Most have missed the very important legal significance of Verizon’s challenge of the narrow Data Roaming Order to the FCC’s signature sector-wide Open Internet Order.

  • It is critically important and relevant because both orders at bottom raise the exact same legal authority question: does the FCC has direct statutory authority to price regulate an unregulated information service?

The legal connection/significance was easy for many to miss, because:

  • First the data roaming issue practically targeted only twocompanies, Verizon and AT&T, not the entire broadband industry;
  • Second, the AT&T-T-Mobile transaction has distracted and diverted most media and industry attention from the significance of the Data Roaming Order;
  • Third, the pretext for the data roaming regulations was a politically positive public narrative of promoting universal broadband coverage by helping politically sympathetic rural carriers, not the negative and highly controversial net neutrality demonization campaign by FreePress et al, of unproven network “discrimination;” and
  • Finally there was little to no public analogizing of the data roaming issue to net neutrality, so most people did not catch the arcane but hugely significant legal analogy at work here.

However, just because the politics and media coverage did not connect-the-dots between the Comcast vs.

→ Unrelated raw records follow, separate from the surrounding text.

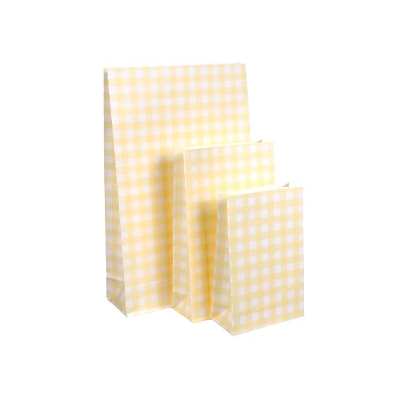 schöne karierte buttergelbe Papiertüten mit Boden zum Verpacken
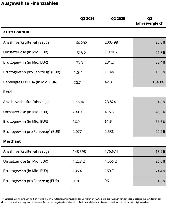 Die Gruppe verkaufte im zweiten Quartal insgesamt 200.498 Fahrzeuge, ein Anstieg von 20,6% im Vergleich zum Vorjahr. AUTO1 Group erzielte einen Umsatz von 2,0 Mrd. EUR, ein Anstieg von 29,8% im Vergleich zum Vorjahr. Der Bruttogewinn der Gruppe betrug 231,2 Mio. EUR, ein Anstieg von 33,4% im Jahresvergleich. Die AUTO1 Group erreichte im zweiten Quartal ein bereinigtes EBITDA von 42,3 Mio. EUR, das ist ein Anstieg von 104,1% im Vergleich zu Q2 2024.
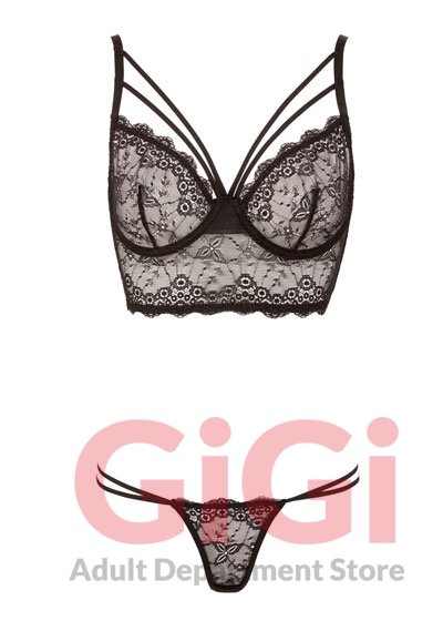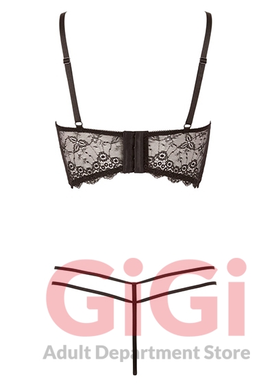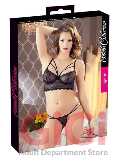 A set made up of a black bra and matching string. The underwired bra has lace cups, stretchy decorative straps above the cups and a wide strip of lace underneath the cups. With a hook-fastener at the back. The straps are adjustable. There are double straps either side of the lace string. 90% polyamide, 10% elastane.
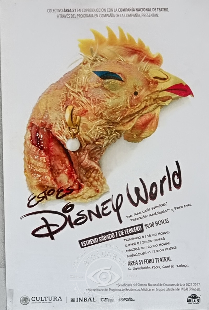 El foro independiente Área 51 Foro Teatral será sede del estreno de Esto es Disney World, una obra que coloca al espectador frente a un retrato crudo de la violencia contemporánea. La temporada arranca este sábado 7 de febrero a las 19:00 horas y se extenderá con funciones durante la semana en el centro de la capital veracruzana.
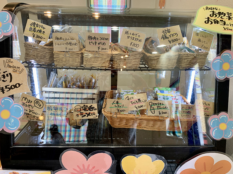 レジ横のショーケースでは、手作りのお惣菜もリーズナブルな価格。
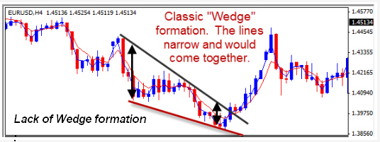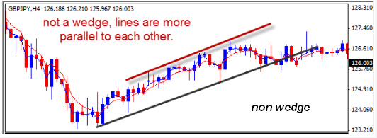 The wedge is depicted when a trend line and the divergence line look to be coming together. If you were to extrapolate the two lines, they would come merge in the distance. The opposite of this is when the two lines are extrapolated, they would either stay parallel to each other or move apart from one another. The example below shows a separation of the lines rather than a coming together. A non wedge formation.
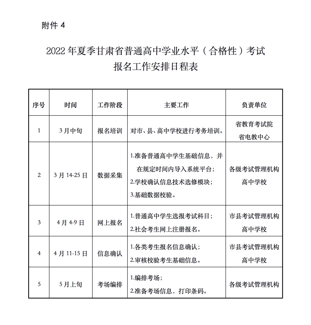4.2022年夏季甘肅省普通高中學(xué)業(yè)水平(合格性)考試報(bào)名安排日程表
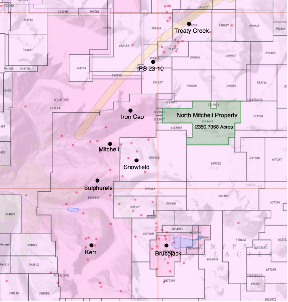 Stewart, BC – Decade Resources Ltd (“Decade”) reports that it entered into an option agreement to acquire the North Mitchell Property located 70 km north of Stewart BC. The North Mitchell Property is situated amongst several of the world’s most significant Cu-Au deposits within the “Golden Triangle” of northwestern British Columbia. The property consists of 963.45 ha (9.63 square km) surrounded by Cu-Au deposits on three sides.
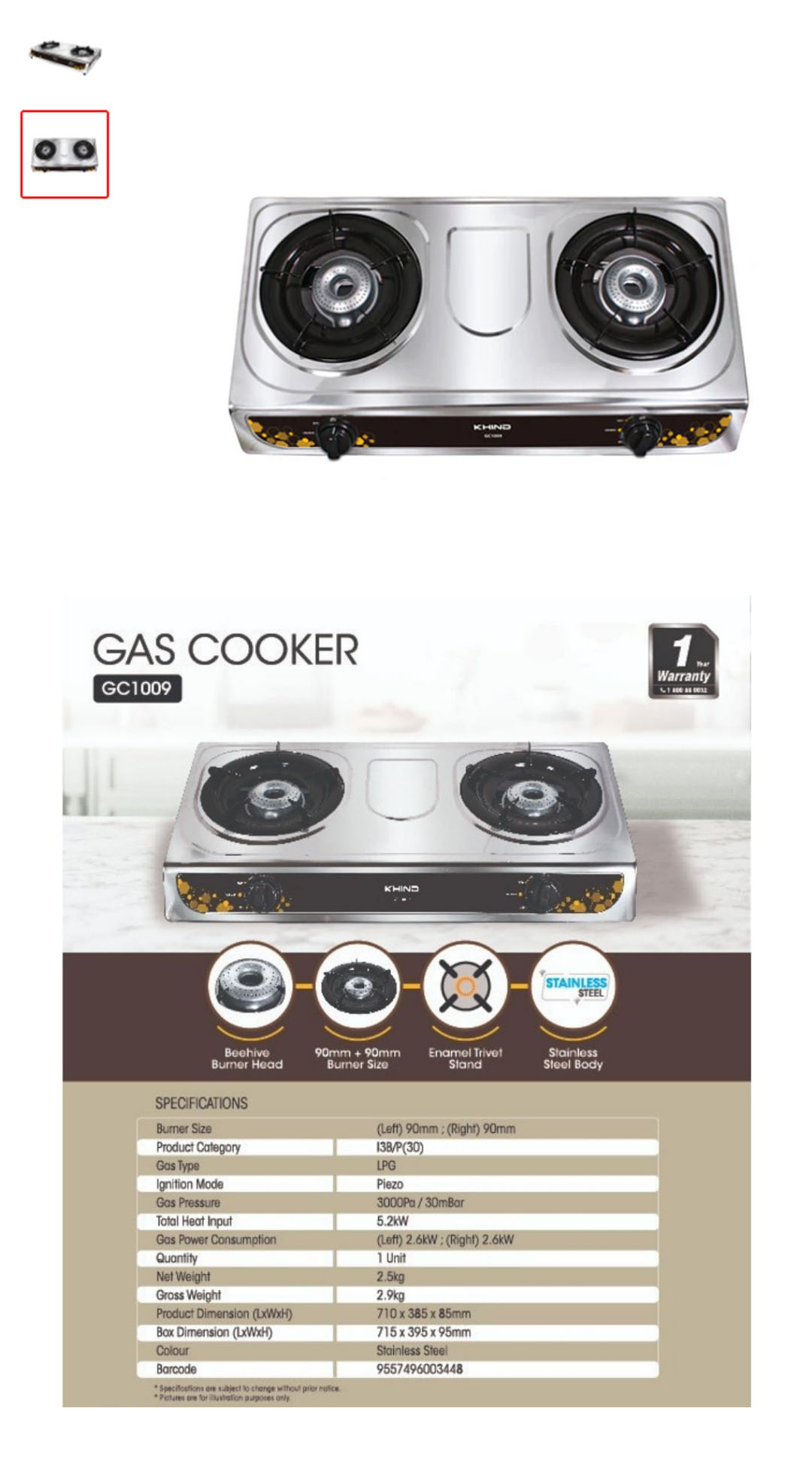 • Product Category I3B/P(30) • Double Burner Size 100mm • Gas Type LPG

FCC decision, the FCC data Roaming Order, and the FCC Open Internet Order, that does not mean that the legal challenges of the twin broadband price regulation orders won’t easily connect-the-dots legally.

As the incisive dissents to the Data Roaming Order by Commissioners’ McDowell and Baker exposed, the FCC does not have the sweeping statutory authority to price regulate unregulated broadband information services.

  • As Commissioner McDowell dissented: “…my colleagues in the majority are, in essence, imposing a Title II common carrier regulatory regime in violation of Title III of the Communications Act and contrary to Commission precedent.
    • Simply the FCC is ignoring the plain language of the law and ignoring that the FCC decided unanimously just four years ago that wireless broadband is an unregulated information service and that “data roaming must be ‘free from common carrier regulation.’”
  • As Commissioner Baker dissented: “…in imposing data roaming obligations on mobile broadband services, we exceed our authority and impose rules of common carriage that are impermissible under our statute.”

Anyone who reads the law, the FCC’s legal analysis and the McDowell/Baker dissents, will see how tortured and inherently self-contradictory the FCC majority’s legal defense of the FCC’s authority is.

  • It is eerily similar to the presumptuous and inherently self-contradictory legal defenses of both the Comcast enforcement decision and the FCC’s Open Internet Order.

And if one reads Verizon’s Notice of Appeal, and the FCC’s data roaming order, which legally depends exclusively on the FCC’s Title III radio license authority, it is pretty clear that the FCC’s data roaming order, unlike the Open Internet Order, will fall under the D.C. Circuit Court of Appeals exclusive jurisdiction to adjudicate matters involving the modification of wireless radio licenses.

  • Thus, it is then more likely that the new D.C. Circuit panel that decides the data roaming order will be more likely to respect the precedent already established unanimously by the D.C. Court of Appeals panel in Comcast vs. FCC, i.e. that the FCC does not have unbounded legal authority to regulate broadband services and prices because that would give the FCC the power to de facto legislate, violating the Constitution’s separation of powers doctrine.

For those looking for additional parallels here, the Wiley Rien lawyer, Helgi Walker, that beat the FCC in Comcast vs. FCC, is the same lawyer that will argue for Verizon in both the Data Roaming Order and in the Open Internet Order.

In sum, the FCC’s apparent tactical machinations to delay the publication of the Open Internet rules in order to enjoy de facto industry regulation without affording those affected the due process opportunity to legally challenge the net neutrality regulations, ultimately have backfired on the FCC, because the delay now has most likely reordered the legal sequence of how these cases are decided in a manner that strongly disfavors the FCC.

The law of unintended consequences proves once again, it cuts in very unexpected ways.